▶ _Given data_:
----

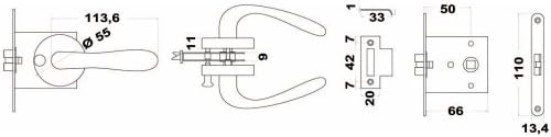 Osculati Einsteckschloss einfach Messing verchromt 68x60x9mm
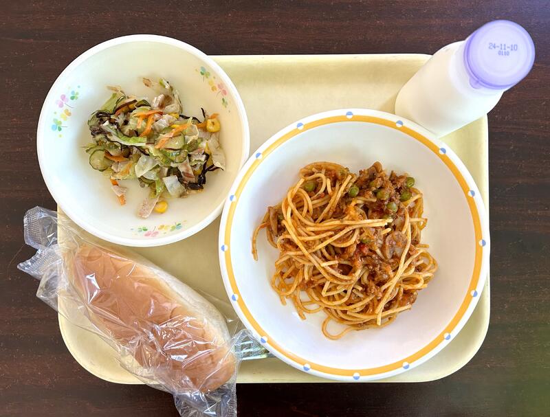 ミルクパン、牛乳、おひさまいろのスパゲッティ、りっちゃんのサラダです。
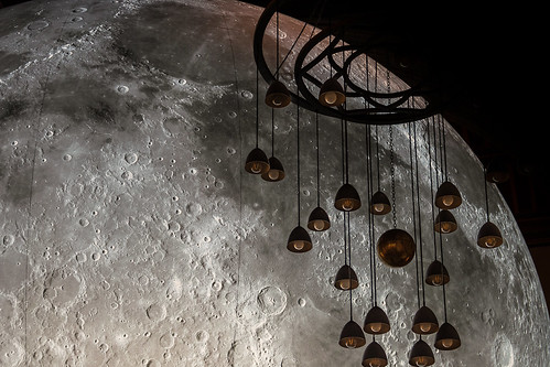 This art installation is very impressive and well done on looking for a less than obvious composition. The light fittings work really well apart from the ones that are unfortunately cropped at the bottom. The Moon detail is excellent with great exposure and focussing. |
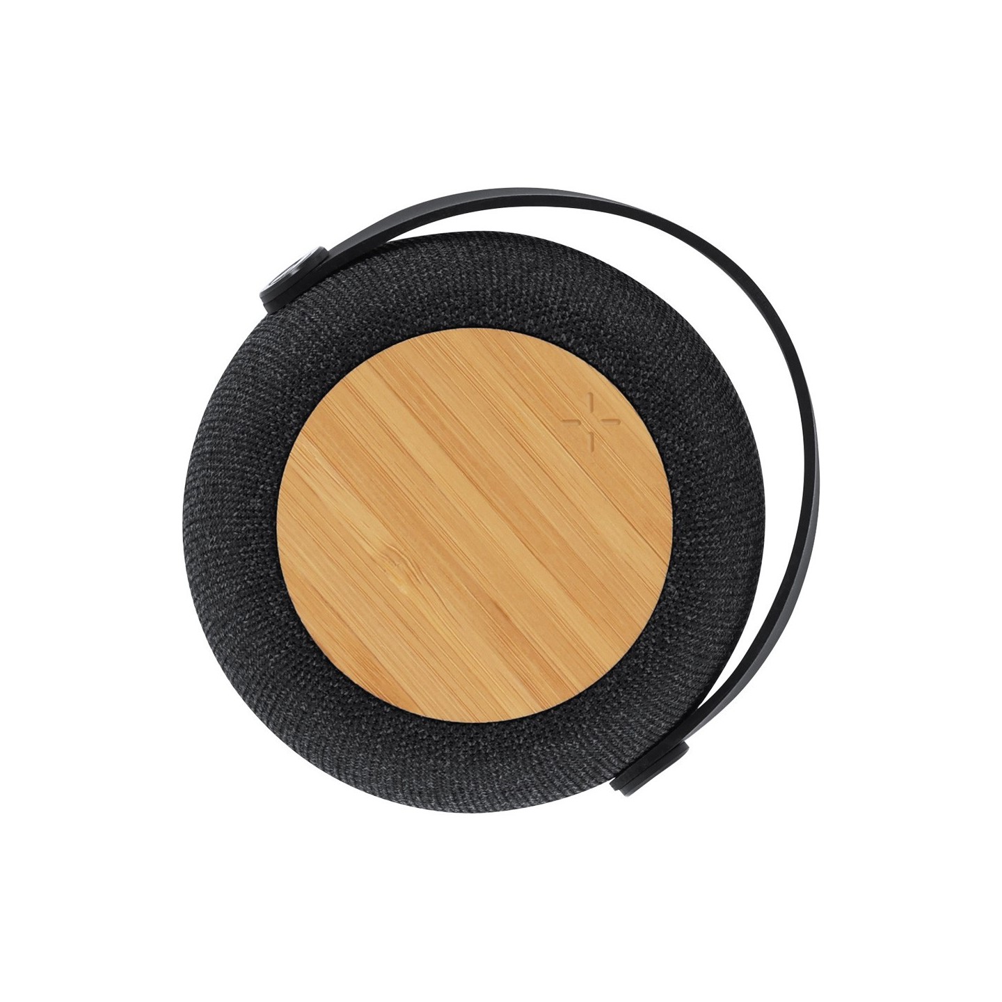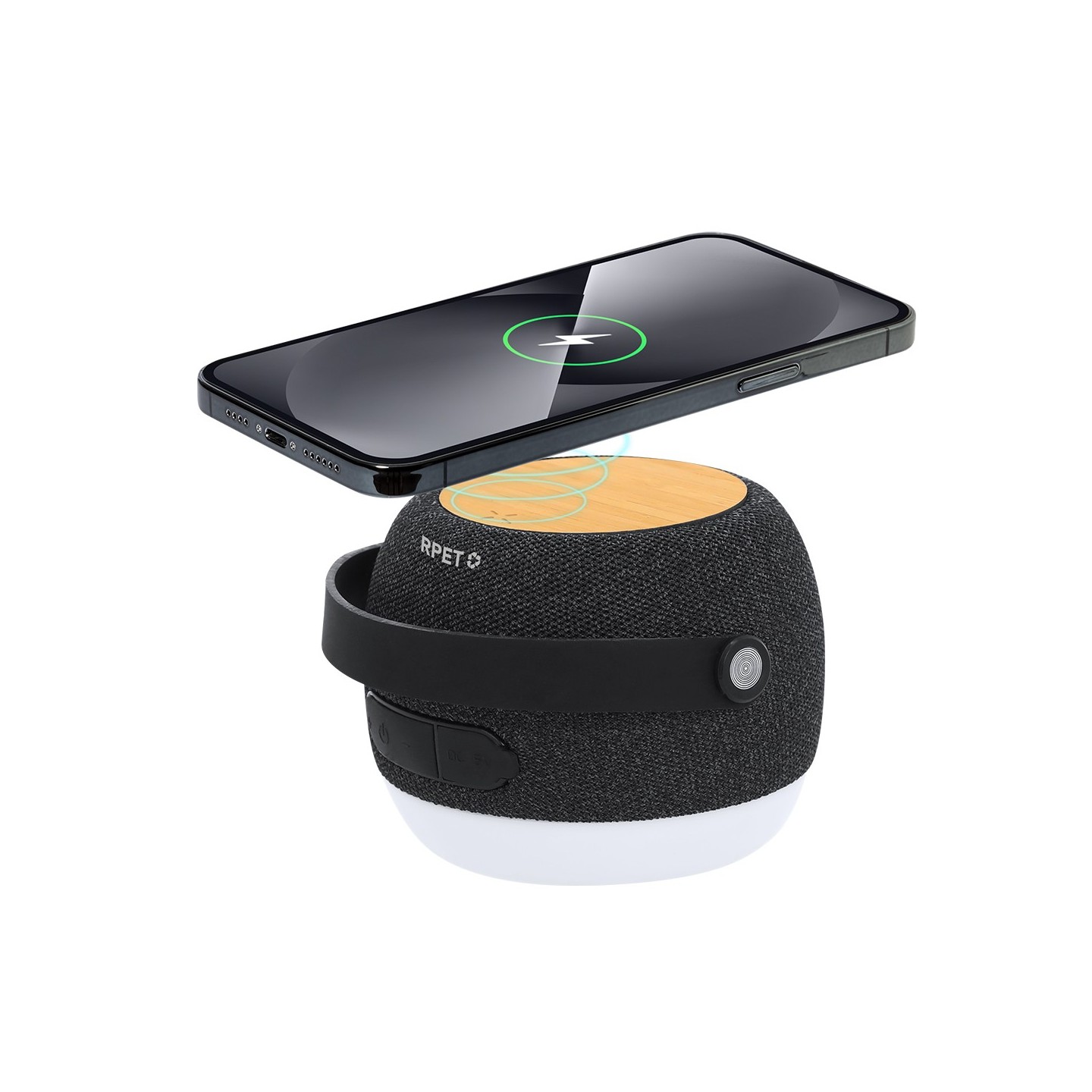 El Altavoz Cargador Sprit combina carga inalámbrica de 15W y sonido Bluetooth. Fabricado en RPET y bambú, es personalizable y perfecto para eventos sostenibles.
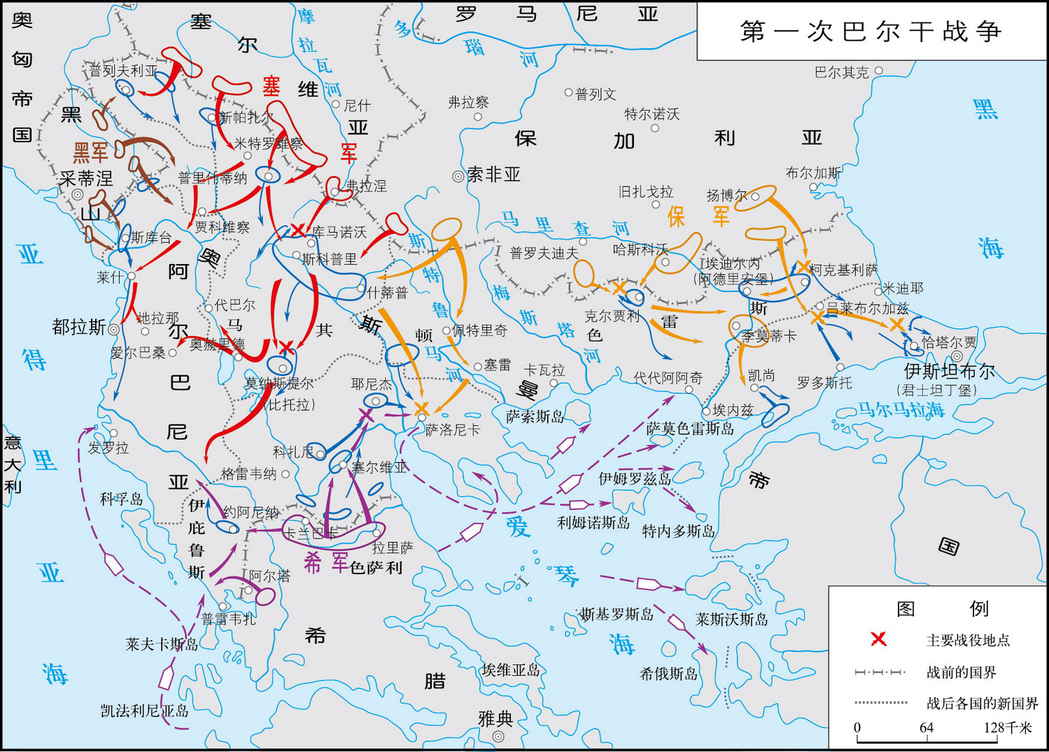 1912~1913年,巴尔干同盟与土耳其以及巴尔干国家之间进行的两次战争。 第一次战争 20世纪初,巴尔干半岛成为欧洲列强争夺的焦点,矛盾错综复杂。1912年8月,阿尔巴尼亚和马其顿爆发反抗奥斯曼土耳其帝国统治的起义,得到巴尔干各国人民的同情和支持。至9月,保加利亚、希腊、塞尔维亚和黑山逐步结...

----

▶ _What is being asked_: Write out every line above again exactly, with the pictures left out.

▶ _Reply_:
 Osculati Einsteckschloss einfach Messing verchromt 68x60x9mm
 ミルクパン、牛乳、おひさまいろのスパゲッティ、りっちゃんのサラダです。
 This art installation is very impressive and well done on looking for a less than obvious composition. The light fittings work really well apart from the ones that are unfortunately cropped at the bottom. The Moon detail is excellent with great exposure and focussing. |
 El Altavoz Cargador Sprit combina carga inalámbrica de 15W y sonido Bluetooth. Fabricado en RPET y bambú, es personalizable y perfecto para eventos sostenibles.
 1912~1913年,巴尔干同盟与土耳其以及巴尔干国家之间进行的两次战争。 第一次战争 20世纪初,巴尔干半岛成为欧洲列强争夺的焦点,矛盾错综复杂。1912年8月,阿尔巴尼亚和马其顿爆发反抗奥斯曼土耳其帝国统治的起义,得到巴尔干各国人民的同情和支持。至9月,保加利亚、希腊、塞尔维亚和黑山逐步结...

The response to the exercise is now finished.